Я пожимаю плечами и гляжу на тетю Вирджинию.
— Они — два из четырех ключей. Если нельзя доверить им местонахождение Алтуса, то кому вообще можно доверять? Кроме того, хотелось бы иметь хоть какую-то компанию. Уж верно, тетя Абигайль не откажет мне в такой малости.
Тетя Вирджиния вздыхает и пристально глядит на Соню с Луизой.
— Что ж, мне почему-то кажется, что возражать бесполезно. — Она потирает лоб, в глазах ее усталость. — Кроме того, должна признать, долгое путешествие сказалось на мне не лучшим образом. Давайте просто тихо посидим у огня и побеседуем о чем-нибудь более приятном, ладно?
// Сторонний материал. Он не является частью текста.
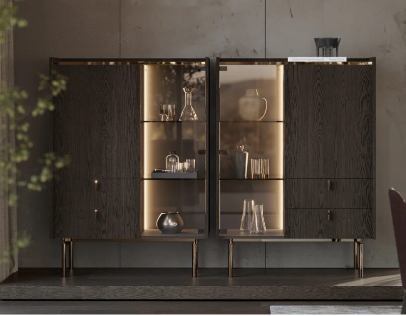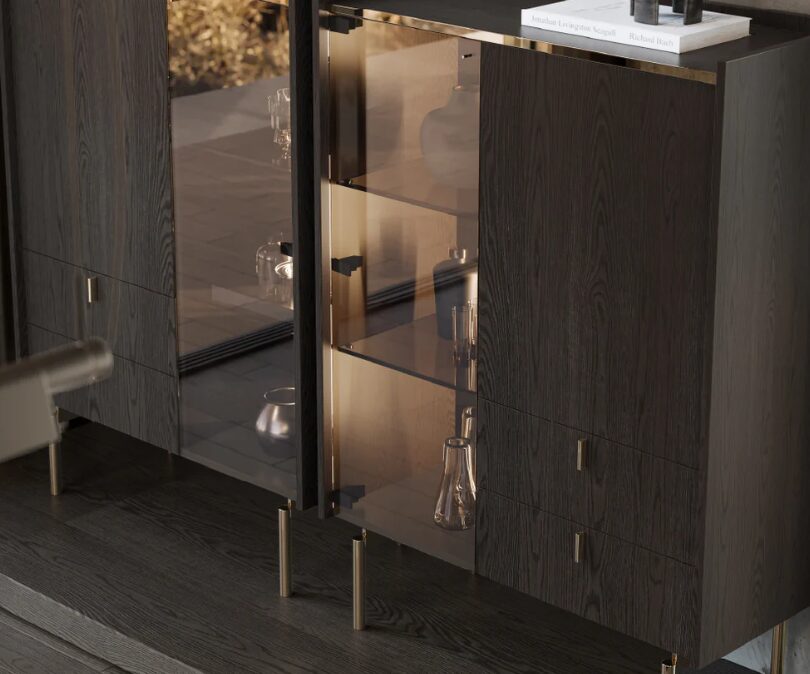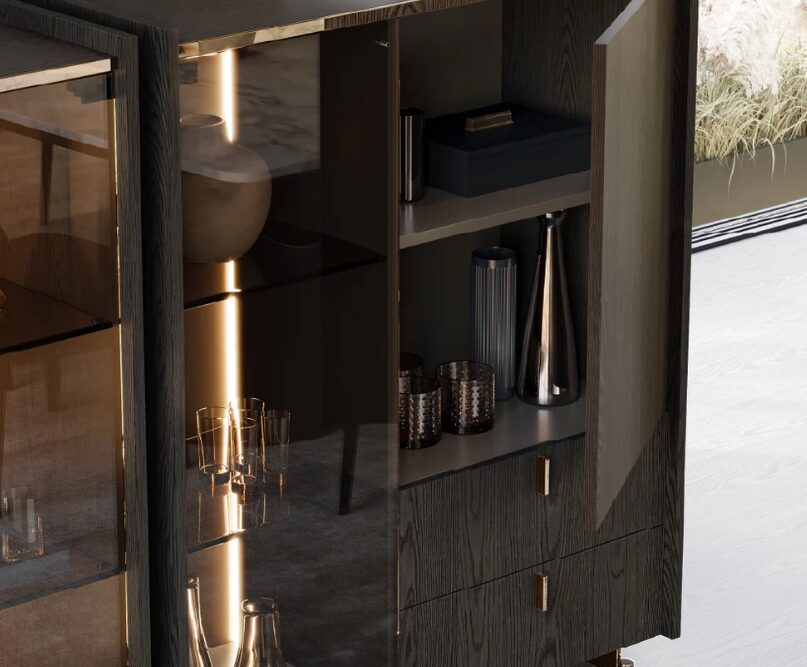 Бар Colline отличается изысканным дизайном и благородными материалами, предлагая элегантное решение для размещения предметов в баре или гостиной. Деревянная конструкция подчеркивает естественную текстуру, а стекло придает легкость и прозрачность — идеальное решение для современных интерьеров, в которых ценятся простота и изысканность.

Я киваю. Луиза ловко переводит разговор на другую тему, расспрашивая нас с Соней про нашу жизнь в Лондоне. Весь следующий час мы проводим за рассказами. Тетя Вирджиния слушает вполуха, рассеянно глядя в огонь. Я не могу отделаться от чувства вины. После разговоров о Элис и пророчестве пересказы светских скандалов и сплетен кажутся мелкими и никчемными.
Однако нельзя же каждую минуту жить в мире пророчества. Разговоры на посторонние темы напоминают нам, что есть и другой мир — тот, в котором, возможно, нам еще доведется когда-нибудь жить.
— Пожалуй, настало время рассказать мне, что именно вам известно.
Голос мой эхом разносится над полом каретного сарая, где Эдмунд при свете тусклого фонаря протирает карету. Наш кучер несколько секунд молчит, а потом кивает.